New York Times: A Lasting Gift to Medicine That Wasn’t Really a Gift
The New York Times has a fascinating story that raises questions about the privacy of a person’s medical data and what rights a person has to their own tissue:
The story began in January 1951, when Mrs. Lacks was found to have cervical cancer. She was treated with radium at Johns Hopkins, the standard of care in that day, but there was no stopping the cancer. Her doctor had never seen anything like it. Within months, her body was full of tumors, and she died in excruciating pain that October. [...]
Neither Mrs. Lacks nor any of her relatives knew that doctors had given a sample of her tumor to Dr. George Gey [...]
A cell line called HeLa (for Henrietta Lacks) was born. Those immortal cells soon became the workhorse of laboratories everywhere. HeLa cells were used to develop the first polio vaccine, they were launched into space for experiments in zero gravity and they helped produce drugs for numerous diseases, including Parkinson’s, leukemia and the flu. By now, literally tons of them have been produced.

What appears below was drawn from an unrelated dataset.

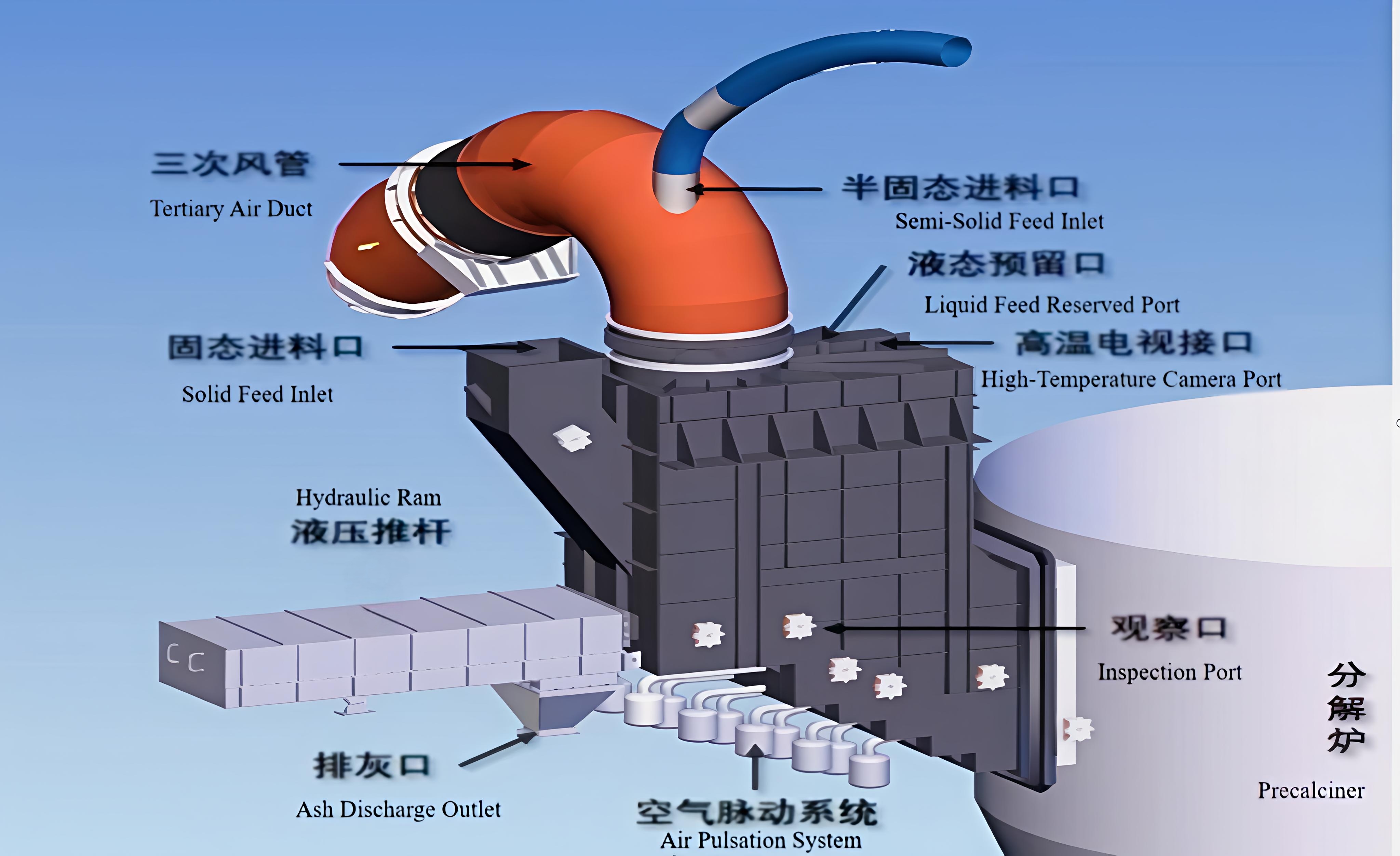 Based on the traditional technology of cement kiln co-processing solid waste (alternative fuel or hazardous waste), the original method of directly feeding solid waste into the calciner is changed to first feeding it into the pre-calciner. After being dried by hot air (tertiary air) and having organic matter burned, the ash residue and flue gas are further fed into the calciner for continued incineration. This further increases the residence time of solid waste in high-temperature incineration inside the cement kiln and significantly improves the high-temperature incineration rate of solid waste. At the same time, it reduces the impact of directly feeding solid waste into the kiln on the quality of cement clinker (such as agglomeration, coating, and yellow-core clinker) and output, and increases the amount of solid waste disposed of by the cement kiln.

Dr. Gey did not make money from the cells, but they were commercialized. Now they are bought and sold every day the world over, and they have generated millions in profits.
The Lacks family never got a dime. [...]
When they learned that their mother’s cells had saved lives, the family felt proud. But they also felt confused, a bit frightened, used and abused. It had never occurred to anyone to ask permission to take their mother’s tissue, tell them that her cells had changed scientific history or even to say thank you. And certainly no one had ever suggested that they deserved a share of the profits.
Some of the Lackses later gave blood to Hopkins researchers, thinking they were being tested for cancer, when really the scientists wanted their genetic information to help determine whether HeLa cells were contaminating other cultures. [...]
Ideas about informed consent have changed in the last 60 years, and the forms now given to people having surgery or biopsies usually spell out that tissue removed from them may be used for research. But [journalist Rebecca] Skloot points out that patients today don’t really have any more control over removed body parts than Mrs. Lacks did. Most people just obediently sign the forms.
Which is as it should be, many scientists say, arguing that Mrs. Lacks’s immortal cells were an accident of biology, not something she created or invented, and were used to benefit countless others. Most of what is removed from people is of no value anyway, and researchers say it would be too complicated and would hinder progress if ownership of such things were assigned to patients and royalties had to be paid.